What is needed
A verbatim copy of the full data, with no pictures, is the expected answer.

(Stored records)
········

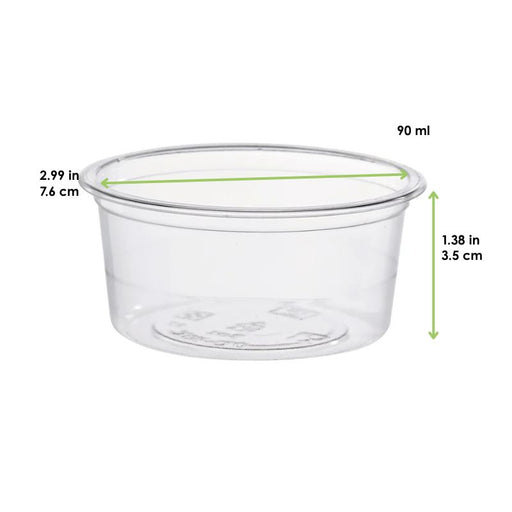 Descubre nuestra salsera redonda de plástico PLA transparente, ideal para el sector Horeca. Con un diámetro de 7,6 cm y una capacidad de 110 ml, es...
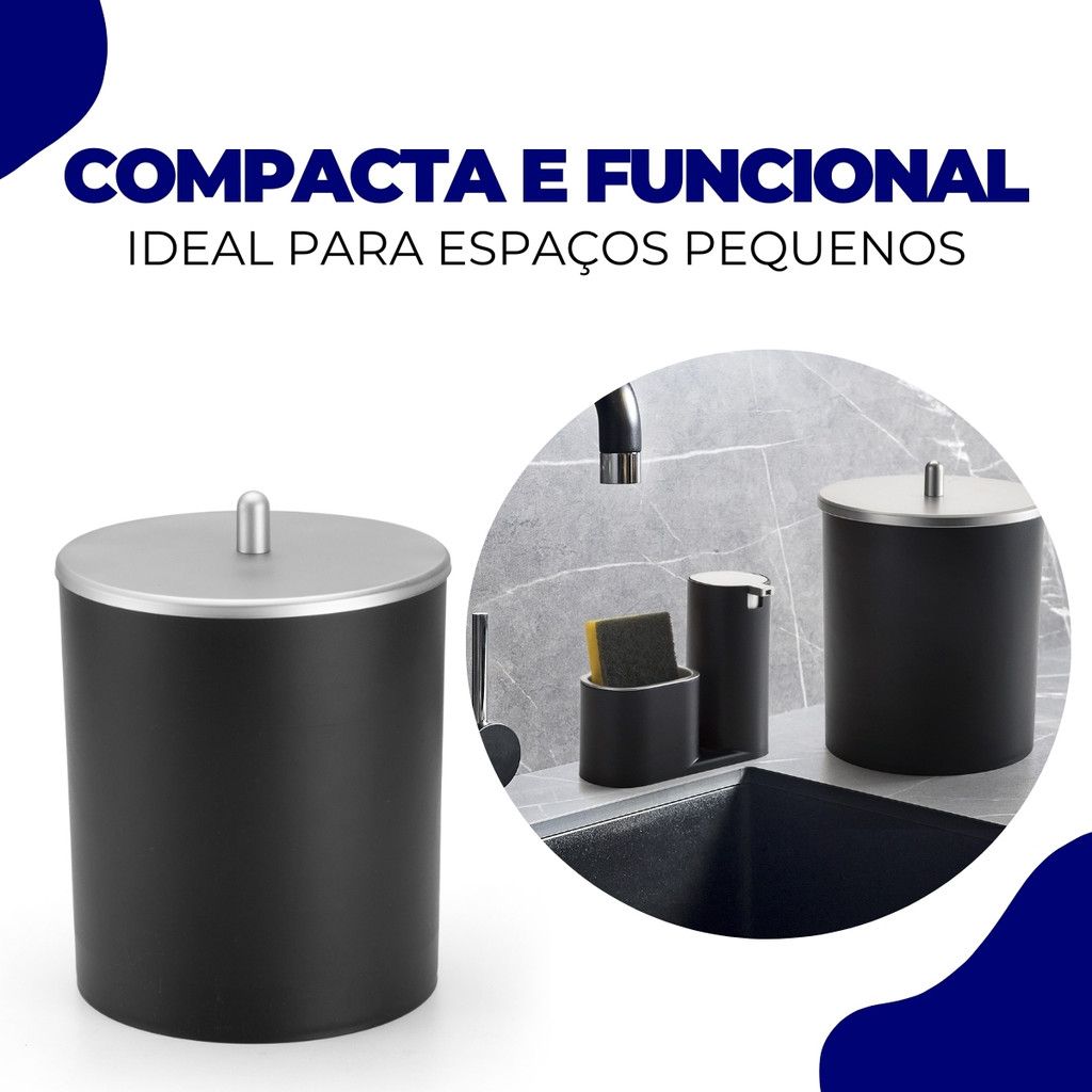 Lixeira Lixinho Cesto de Lixo Banheiro Lavabo Escritório Luxo Pia Cozinha 5 Litros Preto/Prata Arthi
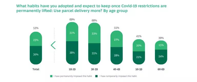 Moreover, working from home makes it easier to receive parcels, and online shopping becomes more attractive. Among consumers working more from home, ~40% say they will permanently increase their use of parcel delivery. This compares to ~20% for those who have not worked from home.
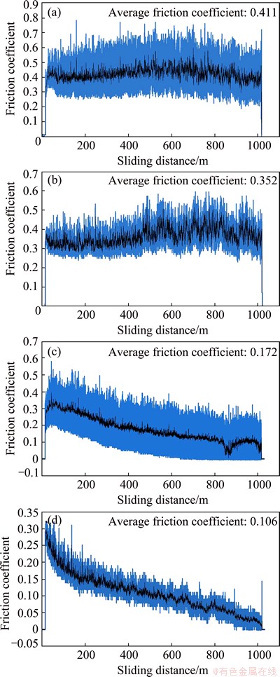 Fig. 8 Variation of friction coefficient of BM (a) and wires produced at rotational speed of 180 r/min (b), 250 r/min (c) and 355 r/min (d)
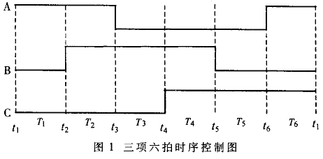 矩角特性是步進(jìn)電機(jī)運(yùn)行時(shí)一個(gè)很重要的參數(shù),矩角特性好,步進(jìn)電機(jī)啟動(dòng)轉(zhuǎn)矩就大,運(yùn)行不易失步。改善矩角特性一般通過(guò)增加步進(jìn)電機(jī)的運(yùn)行拍數(shù)來(lái)實(shí)現(xiàn)。三相六拍比三相二拍的矩角特性好一倍,因此在很多情況下,三相步進(jìn)電機(jī)采用三相六拍運(yùn)行方式。三相步進(jìn)電機(jī)工作在三相六拍運(yùn)行方式時(shí),每個(gè)狀態(tài)的變化使電機(jī)轉(zhuǎn)動(dòng)1/6齒距,三相激勵(lì)規(guī)律為A-AB-B-BC-C-CA共六拍,對(duì)應(yīng)時(shí)序如圖1所示。A、B、C分別代表接到三相步進(jìn)電機(jī)A相、B相、C相繞組的驅(qū)動(dòng)脈沖。
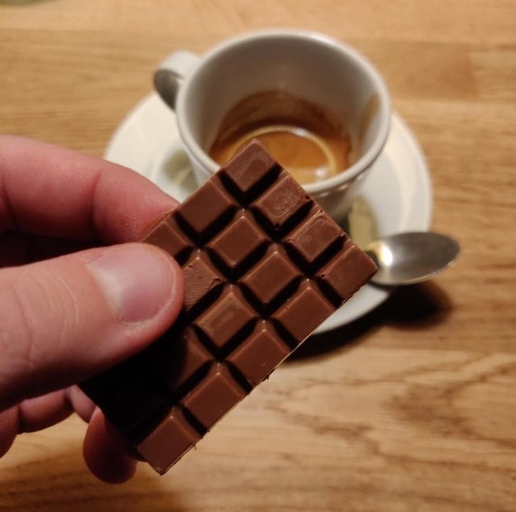 Ничего удивительно ツ — «Мелочь, но приятно.К маленькой чашечке эспрессо подают маленькую плитку шоколада».
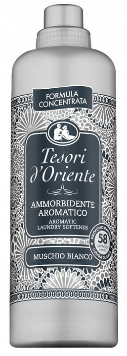 Płyn do płukania tkanin Tesori d'Oriente Muschio Bianco to zanurzenie w bursztynowy i harmonijny blask wysublimowanego zapachu białego piżma. Pieści skórę, pozostawiając na niej długotrwały zmysłowy i kuszący zapach.

········

Answer section
 Descubre nuestra salsera redonda de plástico PLA transparente, ideal para el sector Horeca. Con un diámetro de 7,6 cm y una capacidad de 110 ml, es...
 Lixeira Lixinho Cesto de Lixo Banheiro Lavabo Escritório Luxo Pia Cozinha 5 Litros Preto/Prata Arthi
 Moreover, working from home makes it easier to receive parcels, and online shopping becomes more attractive. Among consumers working more from home, ~40% say they will permanently increase their use of parcel delivery. This compares to ~20% for those who have not worked from home.
 Fig. 8 Variation of friction coefficient of BM (a) and wires produced at rotational speed of 180 r/min (b), 250 r/min (c) and 355 r/min (d)
 矩角特性是步進(jìn)電機(jī)運(yùn)行時(shí)一個(gè)很重要的參數(shù),矩角特性好,步進(jìn)電機(jī)啟動(dòng)轉(zhuǎn)矩就大,運(yùn)行不易失步。改善矩角特性一般通過(guò)增加步進(jìn)電機(jī)的運(yùn)行拍數(shù)來(lái)實(shí)現(xiàn)。三相六拍比三相二拍的矩角特性好一倍,因此在很多情況下,三相步進(jìn)電機(jī)采用三相六拍運(yùn)行方式。三相步進(jìn)電機(jī)工作在三相六拍運(yùn)行方式時(shí),每個(gè)狀態(tài)的變化使電機(jī)轉(zhuǎn)動(dòng)1/6齒距,三相激勵(lì)規(guī)律為A-AB-B-BC-C-CA共六拍,對(duì)應(yīng)時(shí)序如圖1所示。A、B、C分別代表接到三相步進(jìn)電機(jī)A相、B相、C相繞組的驅(qū)動(dòng)脈沖。
 Ничего удивительно ツ — «Мелочь, но приятно.К маленькой чашечке эспрессо подают маленькую плитку шоколада».
 Płyn do płukania tkanin Tesori d'Oriente Muschio Bianco to zanurzenie w bursztynowy i harmonijny blask wysublimowanego zapachu białego piżma. Pieści skórę, pozostawiając na niej długotrwały zmysłowy i kuszący zapach.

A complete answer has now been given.